* **PROBLEM REQUIREMENTS**
Drop all images. Then write out each line below exactly as given.

══ DATASET EXTRACT ══

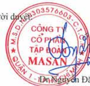
Nguyễn Đăng Quang Chủ tịch Tổng Giám đốc

Các thuyết minh đính kèm là bộ phận hợp thành của báo cáo tài chính riêng này
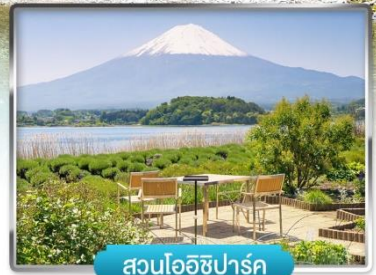
สวนโออิชิปาร์ค

═══

* **WRITTEN REPLY**
Nguyễn Đăng Quang Chủ tịch Tổng Giám đốc

Các thuyết minh đính kèm là bộ phận hợp thành của báo cáo tài chính riêng này
สวนโออิชิปาร์ค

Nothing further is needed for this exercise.